Estimating the Occurrences of a Specific Trinucleotide near the 3′-Ends of Each Copy
To estimate the association of each copy with microsatellite-like sequence at the 3′-ends, the occurrences of a specific trinucleotide near the 3′-ends of each copy were examined. Ten bases of 3′-ends of BLAST-detected sequences plus ten bases of their 3′ flanking sequences were extracted from genomic sequences. Within these sequences, a specific trinucleotide was searched for with a Python script. The results are summarized in supplementary table S3, Supplementary Material online.
3D Model of RTE EN
The 3D structure of the EN domain from the LINEs with indiscriminate integration sites was previously determined for only human L1. Using human L1-EN (Protein Data Bank ID: 1vyb) as a template, 3D models of soybeanRTE-EN were constructed with MODELLER (Fiser and Šali 2003) in Chimera (Pettersen et al. 2004). Of the five models generated, the model with the highest scores (GA341 = 1.00, zDOPE = −0.28) was selected for further analyses.
Results
Plant Au-like SINEs and RTE-Clade LINEs Share 3′-Terminal Sequences
We analyzed the characteristics of Au-like SINE sequences from various angiosperms identified based on sequence similarity to known Au SINEs. Figure 1 shows sequence comparisons of the full-length Au-like SINEs and the 3′-terminal sequence of a potatoRTE (RTE-1_STu). Nucleotide sequences of the 3′-terminal region of the RTE (positions 3991–4069; supplementary figs. S6–S8, Supplementary Material online) and Au-like SINEs (positions 69–144) were very similar (pairwise distances: 0.135–0.362), a finding which suggests this region is essential for retroposition. Nucleotide positions 127–144 of the SINEs and the corresponding region of the RTE-clade LINEs were predicted to form a hairpin-like RNA secondary structure, which was conserved with several compensatory mutations (fig. 2). Since the RNA secondary structures of the 3′-terminal region from several LINEs are essential to initiate reverse transcription, it is highly plausible that Au-like SINEs have retrotransposed with the RTE-clade LINE machinery.
. 1.
—Sequence comparisons of Au-like SINEs and the 3′-terminal sequence of an RTE. The entire sequence of Au-like SINEs and the 3′-terminal sequence (∼160 nucleotides) of a potato RTE-clade LINE (RTE-1_STu) (light blue) are aligned. Dots and hyphens represent identical nucleotides to the consensus sequence (shown at top) and gaps, respectively. Nucleotide positions of the SINEs and the LINE are shown on the top and bottom, respectively. The two internal promoters for RNA polymerase III (box A: positions 13–24; box B: 57–67) are shown in open boxes with the consensus sequences. Nucleotide positions (127–144) predicted to form a hairpin-like RNA secondary structure are shown in the grey box.
. 2.
—Secondary structure models for the 3′-terminal sequences of Au-like SINEs and RTE-clade LINEs. Transcripts from this region may form putative hairpin structures. Compensatory mutations, (A: T) ↔ (G: C) or (C: G) ↔ (A: T), are shown by pink and blue rectangles, respectively.

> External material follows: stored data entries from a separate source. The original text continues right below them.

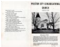
Preston City Congregational Church history pamphlet (undated) - at least 1966 (Coll. 003 Fold. 063 Doc. 019)
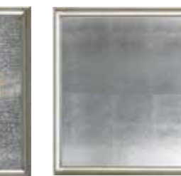
SS: Silver Leaf Squares Painstakingly applied by hand in a grid pattern with very subtle black highlighting.
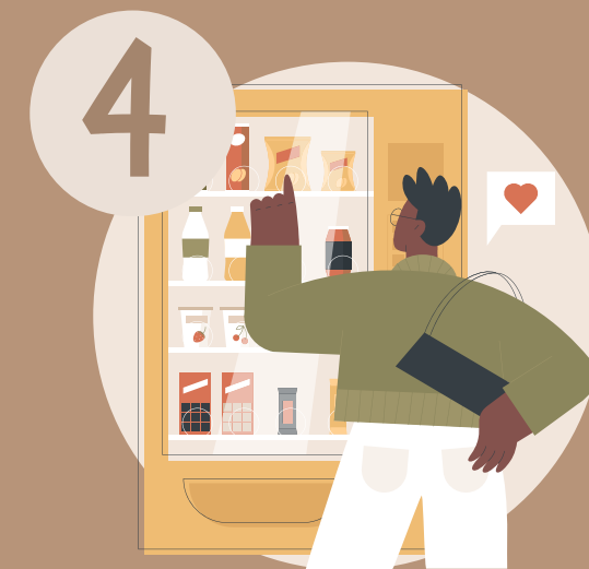
4 vending machine
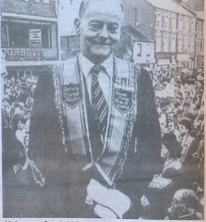
Molyneux: Good riddance

tect "their tradition" and "their commu-nity" so that they can ram through their anti-working class policies. The splits in the Unionist Party should be used to tell every worker that it is time to get the Orange and Green Tories off our backs.
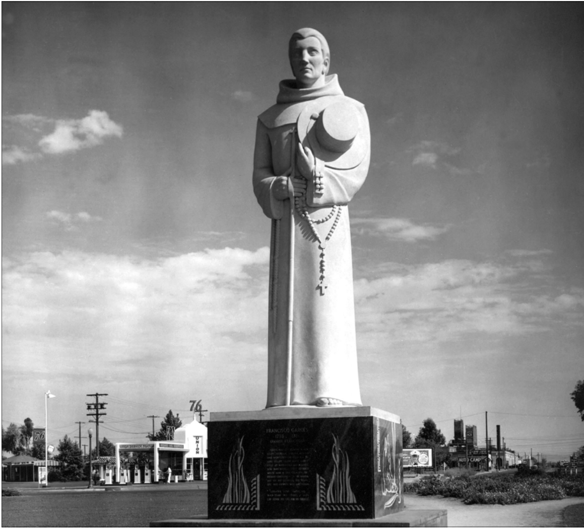
Statue of Father Garcés on Chester Avenue, Circa 1940
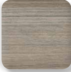
705 - Tuscan Teak Grigio
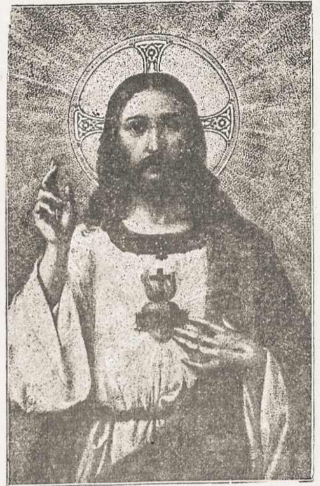
BIRŽELIS — ŠVENČ. JEZAUS ŠIRDIES MĖNUO
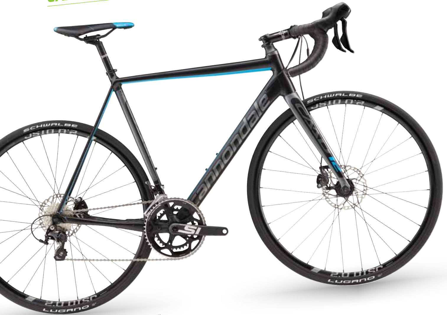
☞ Matte Jet Black w/ Charcoal Grey, Gloss Ultra Blue - BLU
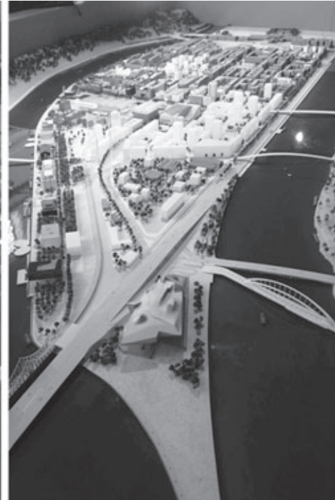
Figure 1. Some strategic urban projects: Euralille, Hafen City (Hamburg) and La Confluence (Lyon).

processes of 'urban rehabilitation', 'urban renewal' and 'urban remodelling', as well as the 'redevelopment' and 'urban remodelling' of urban areas". In the case of industrial land we would be referring, according to Moya, more to a reconversion.

—Sequence comparisons of Au-like SINEs and the 3′-terminal sequence of an RTE. The entire sequence of Au-like SINEs and the 3′-terminal sequence (∼160 nucleotides) of a potatoRTE-clade LINE (RTE-1_STu) (light blue) are aligned. Dots and hyphens represent identical nucleotides to the consensus sequence (shown at top) and gaps, respectively. Nucleotide positions of the SINEs and the LINE are shown on the top and bottom, respectively. The two internal promoters for RNA polymerase III (box A: positions 13–24; box B: 57–67) are shown in open boxes with the consensus sequences. Nucleotide positions (127–144) predicted to form a hairpin-like RNA secondary structure are shown in the grey box.—Secondary structure models for the 3′-terminal sequences of Au-like SINEs and RTE-clade LINEs. Transcripts from this region may form putative hairpin structures. Compensatory mutations, (A: T) ↔ (G: C) or (C: G) ↔ (A: T), are shown by pink and blue rectangles, respectively.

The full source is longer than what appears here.